No, they don't. The petitioners demand that Pinker should be taken out of the
distinguished lecturers list regardless of his academic merit, which no one
has any doubt it is well deserved.

The reason? Because the petitioners feel he doesn't show enough enthusiasm
supporting their own pet political views. The evidence? A pair of tweets
posted in 2014 and 2015. Therefore, he must be punished for his crimes and
made an example to everyone who dares not support their political pressure
group.

Make no mistake: this sort of fascist stunt to silence each and every
"reactionary", whether they oppose their political views or simply doesn't
further their agenda, poses a very dangerous threat to any democracy. They
might not color-coordinate their shirts yet, but they're running plays from
Italy's and Germany's inter-war period.

------
mark_l_watson
Matt Taibbi, in his last email to subscribers, has a great write up on this.

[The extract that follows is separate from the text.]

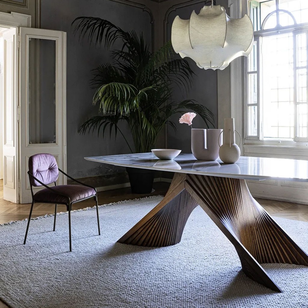 Thor, o masa de designer cu baza din metal lacuit si un amestec ingenios de elemente trunchiate concave si convexe, este disponibila si intr-o versiune extensibila pentru spatii mai mari, pu.. -

Going after people like Steven Pinker is, I think, bat shit crazy.

It seems like here in the US that we have 5% of the far right who are crazy
and 5% of the far left who are crazy. I wish they would leave the other 90% of
us alone.

The Steven Pinker thing is evidence of the craziness on the far left. Evidence
for the craziness on the far right is self evident.

------
_bxg1
Paywalled. What were the tweets?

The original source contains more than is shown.